CBF: Je crois que c’était un mois intensif, mais très bien. L’autre stage que j’ai fait c’était au Château d’Oiron, dans le cadre de l’exposition Meltem conçue par Franz Kaiser et qui a ensuite été présentée au Magasin. Franz était aussi intéressant dans sa façon de transmettre sa connaissance des années 1980. C’était la première exposition du château, qui venait tout juste de réouvrir. Il y avait tout à faire, ce château était resté dans son jus, le poids des siècles était très fort. J’étais en charge de la production des œuvres de Lothar Baumgarten et de Jannis Kounellis. J’ai adoré travailler avec Lothar Baumgarten parce que son installation au château inspirée du lieu et du descriptif des animaux et de la riche faune de l’écriture de Rabelais, m’a permis de comprendre la relation à la fois à la littérature et au contexte dans lequel ça s’inscrivait. C’était vraiment passionnant, il m’a expliqué son histoire : sa vie au sein des indiens d’Amazonie, pourquoi il l’a fait, etc. Je crois que c’était finalement ma plus grande rencontre au cours de cette année du Magasin.
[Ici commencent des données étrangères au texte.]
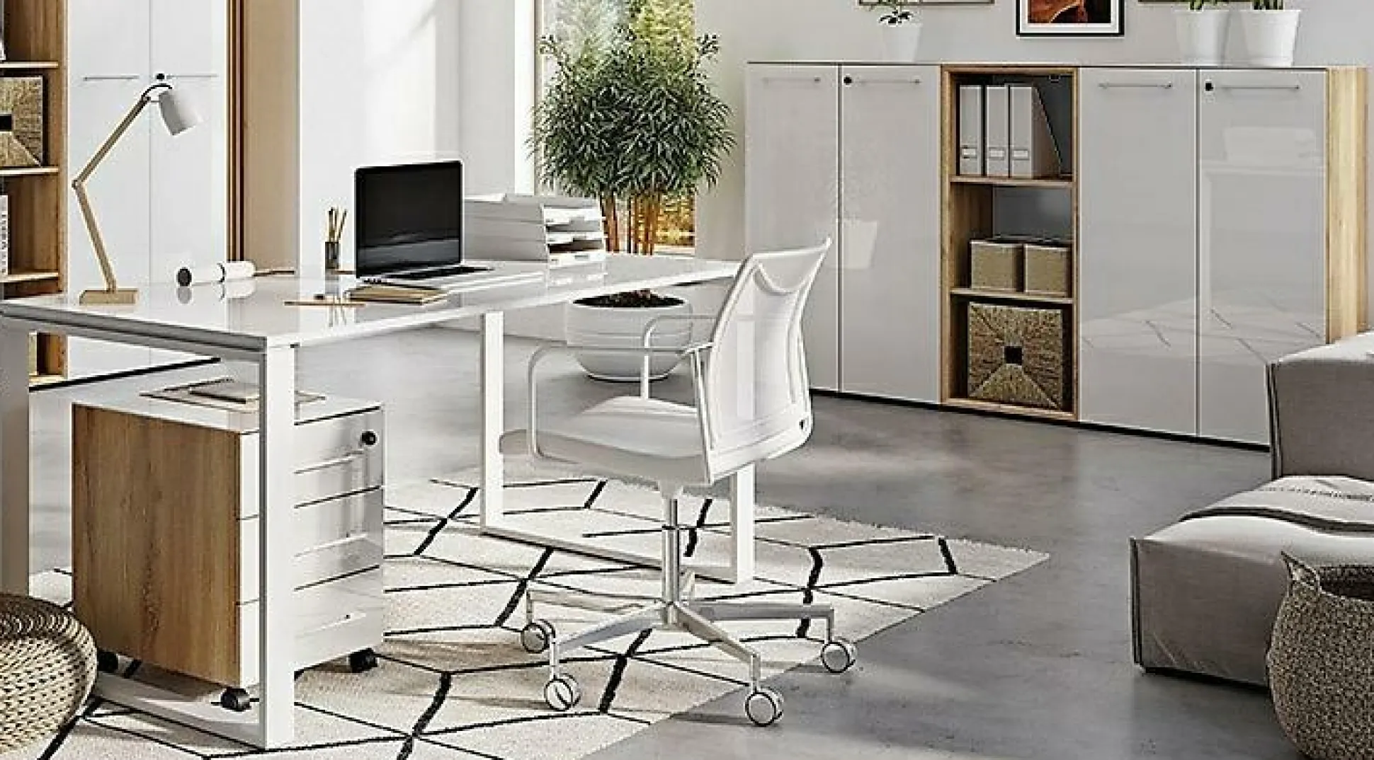 · Set bestehend aus einem Schreibtisch, einem Rollcontainer, zwei Aktenschränken und einem Aktenregal, Schreibtisch mit zwei pulverbeschichteten Metallkufen, Tischplatte belastbar bis zu 30 kg, Rollcontainer mit drei Schubkästen inkl. Selbsteinzug, ein Schubkasten abschließbar, vier Laufrollen – zwei davon mit Feststellbremse, zwei Aktenschränke mit abschließbaren Türen, dahinter je zwei feste Böden, ein Aktenregal mit zwei festen Böden und 3D-Rahmen mit Gehrung MDF-ummantelt, insgesamt sieben Relinggriffe aus Chrom und 12 schwarze Möbelgleiter, Fronten und Oberböden mit Glasauflage, Korpus in Navarra-Eiche-Nb., Glaselemente in Weiß, Türdämpfung, Melaminharzbeschichtung, hochwertige ABS-Kanten, Made in Germany.

Avec Jannis Kounellis, c’était beaucoup plus froid, beaucoup plus distant. Il ne semblait avoir aucune empathie avec le lieu, son travail avec le plomb et le charbon était néanmoins une très belle installation.
EN : C’était donc le deuxième stage. Comment trouviez-vous vos stages ? C’était à chacun de faire les démarches ?
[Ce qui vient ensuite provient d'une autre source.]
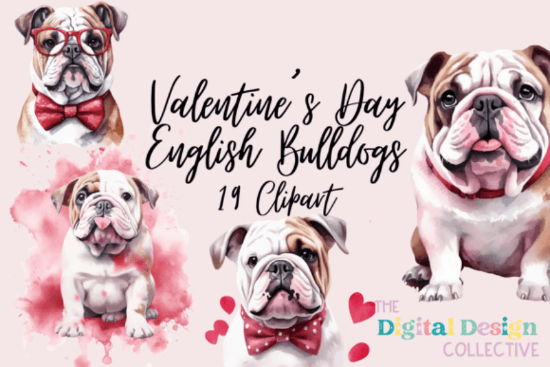 Charming Valentine's Day English Bulldogs Clipart Bundle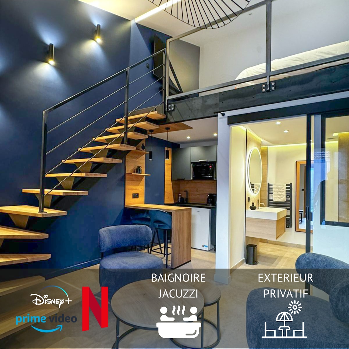 带按摩浴缸的Loft,按摩和灵气放松。

CBF : C’était la suite de nos pérégrinations. Par exemple, le voyage que j’avais fait à Bristol, je pense que c’est parce que nous avions rencontré Barry Barker à Londres, ou bien parce que Victoire m’avait mise en contact. Moi, je m’y suis très bien retrouvée et je trouvais ça bien. Pour le projet Meltem, Franz avait besoin d’une assistante et quelque part je pouvais faire l’affaire : je parlais plusieurs langues, c’était pratique pour lui, et j’étais décidée à apprendre.
EN : Et donc comment s’est passé le projet de fin d’année ? Tu disais que tu étais en décalage avec les autres.
CBF : Je pense qu’il y avait dans le groupe autour du Magasin des gens comme Ange Leccia, Jean-Luc Vilmouth, Véronique Joumard… Ils étaient omniprésents et faisaient en sorte que les décisions soient prises, collectivement. C’était un projet avec un titre assez beau : 19&&… C’était le début d’une série qui finalement ne veut rien dire mais tout dire, une exposition qui était faite de beaucoup de compromis. C’est un travail d’école, et donc pas un travail qui était forcément abouti. Ce qui était intéressant, c’était la possibilité de faire un projet ensemble, restitué dans un espace professionnel. Un petit dépliant (bleu nuit) avait été fait à l’époque, c’était l’époque où la question de la communication visuelle prenait une autre résonance : le texte/logo.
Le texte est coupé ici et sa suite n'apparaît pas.